Score distribution of AlifoldZ, RNAz, and EvoFold computed for all input alignments. (A) Minimum free energies of the consensus structures as computed by RNAalifold. Note that more negative scores correspond to more stable/conserved consensus structures. (B) The significance of the consensus MFEs are estimated by AlifoldZ for all consensus structures with MFE < −15 resulting in normalized Z-scores. Also here negative values mean more stable and conserved structures. The two significance cutoffs used throughout this work are indicated. (C) RNAz classifies alignments using a support vector machine. The distribution of SVM decision variables is shown as well as the two significance cutoffs, which are expressed as “classification probabilities,” P. (D) Enlarged tail of C. (E) Raw EvoFold scores on the original input alignments. (F) EvoFold scores after extracting the predicted substructure, filtering weak structures (see Methods), and rescoring. The histogram shows all predictions of which the top-scoring 50% were chosen as the high significance prediction set.

Figure 2.

Overlap of predictions from different methods (high significance level). The sets are drawn to scale for overlap in terms of nucleotides, and numbers indicate overlapping predictions. In addition, we give the total number of items outside the respective sets. (Left) All predictions; (right) predictions without coding exons and UTRs according to GENCODE annotation.

Figure 3.

Densities of EvoFold and RNAz predictions (high significance level) as a function of GC content and sequence conservation measured by the phastCons program (Siepel et al. 2005). While most RNAz predictions have elevated GC content and moderate sequence conservation, EvoFold is most sensitive at low GC contents and high sequence conservation.

Figure 4.

Overlap of predicted structured RNAs (high significance level) with the union of TARs/Transfrags and the “moderate” set of sequence-constrained elements. Hits in coding exons and UTRs are excluded.

Figure 5.

Genomic location of predicted RNAs (high significance level) relative to the GENCODE protein gene annotation. For comparison, the annotation of the input alignments is shown for both RNAz and EvoFold (they differ slightly because of the different filtering steps used for each program; see Methods). “Distal” and “Proximal” refer to a distance boundary of 5 kb away from the next gene (intergenic fraction) or coding exon (intronic fraction). Some hits fall within more than one annotation category, thus the sums of the fractions are slightly >100%.

Figure 6.

RT-PCR verification of ncRNA predictions. Positive controls include the known small ncRNAs listed in Table 3 as well as eight randomly chosen mRNAs of GENCODE protein-coding genes. Negative controls are randomly selected intergenic and intronic regions. Sets of RNAz and EvoFold predictions were manually selected both overlapping (T+) and not overlapping (T−) with TARs/transfrags.
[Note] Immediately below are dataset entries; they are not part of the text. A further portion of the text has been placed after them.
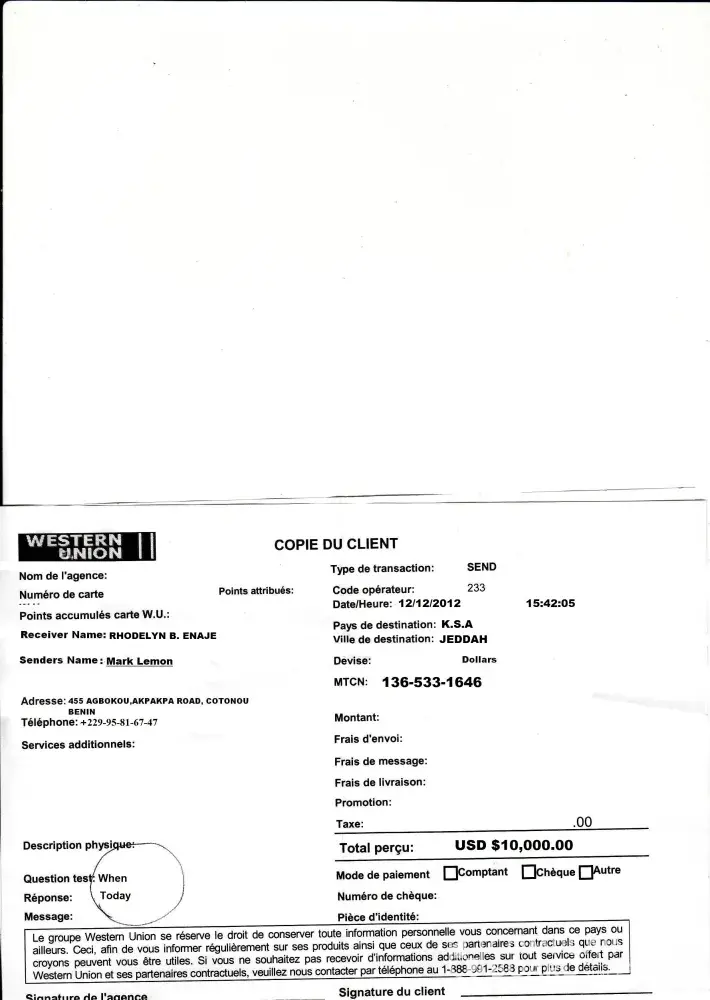 Is this true and the names stated below are they connected to your company in western union cotonou city benin? Can you give me an answer immediately please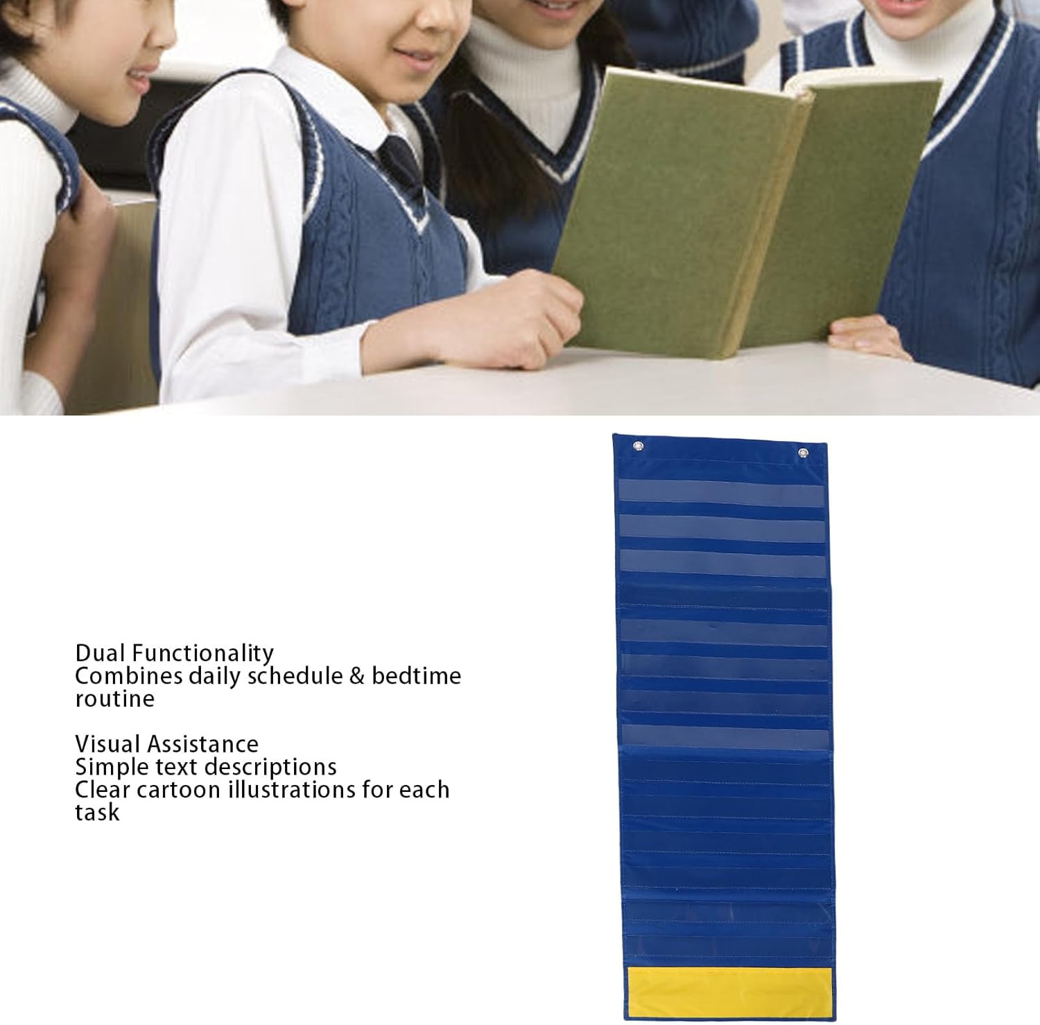 Migliora l'efficienza: questo calendario di 2 su 1 programma visivo combina la pianificazione di routine quotidiane con grafici di routine della buonanotte, aiutando i bambini a stabilire un ritmo strutturato e soddisfare le esigenze dei bambini che richiedono apprendimento organizzato. Visualizzazioni chiare: ogni attività presenta illustrazioni di cartoni animati brillanti e semplici descrizioni di testo, aumentando le capacità di riconoscimento visivo dei bambini e rendendo le istruzioni quotidiane più facili da seguire e accettare. Aggiornamenti quotidiani flessibili: genitori o insegnanti possono facilmente regolare il grafico di routine quotidiano ogni giorno per abbinare situazioni di vita reale, consentendo un uso ripetuto conveniente e consapevole dell'ambiente. Ridurre lo stress: i diagrammi di flusso visivo aiutano i bambini a anticipare le attività imminenti, migliorando il loro senso di sicurezza e minimizzando lo stress o le questioni comportamentali causate dall'incertezza. Versatile per la scuola domestica: ideale per famiglie, scuole materne, aule di educazione speciale e centri di riabilitazione, questa carta di routine della buonanotte è strumento ideale per migliorare le capacità di te stesso dei bambini e la gestione comportamentale.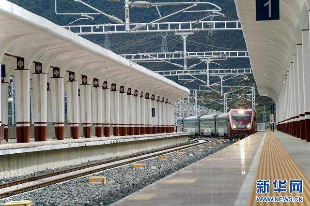 7月21日,拉萨至林芝的火车驶入林芝火车站。新华网发 旦增晋扎 摄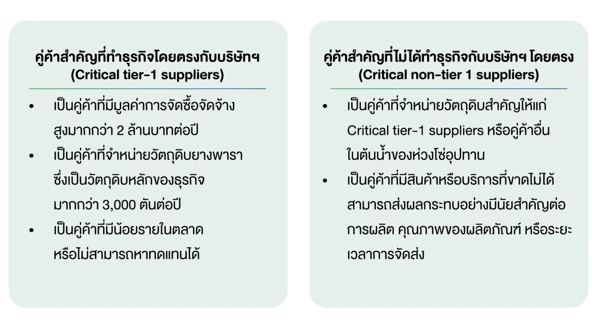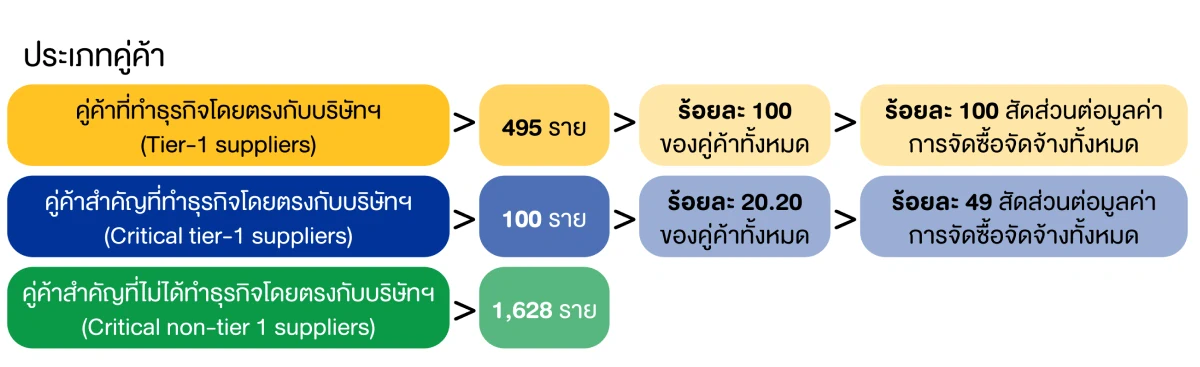 บริษัท ฯ ได้ทำการวิเคราะห์และระบุกลุ่มคู่ค้าสำคัญ (Critical suppliers) จากคู่ค้าและผู้รับเหมาที่ส่งมอบสินค้าและบริการในห่วงโซ่อุปทานทั้งหมด โดยใช้เกณฑ์พิจารณากลุ่มคู่ค้าสำคัญจาก มูลค่าการจัดซื้อจัดจ้าง การเป็นผู้ขายสินค้าที่เป็นองค์ประกอบสำคัญของธุรกิจ และการเป็นผู้ขายน้อยรายในตลาดหรือไม่สามารถหาสินค้าอื่นทดแทนได้ ดังนี้

In addition, we selected a set of overlapping RNAz/EvoFold predictions (see Methods).

Figure 7.

Selected high scoring examples. (Left) UCSC Genome Browser screenshots featuring conserved RNA predictions and additional ENCODE analysis tracks are shown. The significance levels of RNAz and EvoFold hits are color coded (see legend). (*) Significant AlifoldZ hits; the Z-score is shown. In addition, the results of the RACE/microarray experiments, TARs/Transfrags, constrained elements, phastCons scores, and GENCODE annotations are shown. For details on these tracks, refer to Methods. (Right) Consensus structure models generated by RNAalifold are shown for selected hits (marked by gray, dashed boxes; in example G, the first three hits and the sixth hit are shown). In the consensus structures, variable positions are circled indicating compensatory and consistent mutations supporting the structure. The color indicates the number of different nucleotide combinations forming one base pair. Inconsistent mutations lead to pale colors. Examples A–C show predicted structures in intergenic regions. Examples D and E are located in introns of protein-coding regions. Examples F and G show structures associated with alternative spliced transcripts of protein-coding loci detected by the GENCODE project. For further information, refer to the text.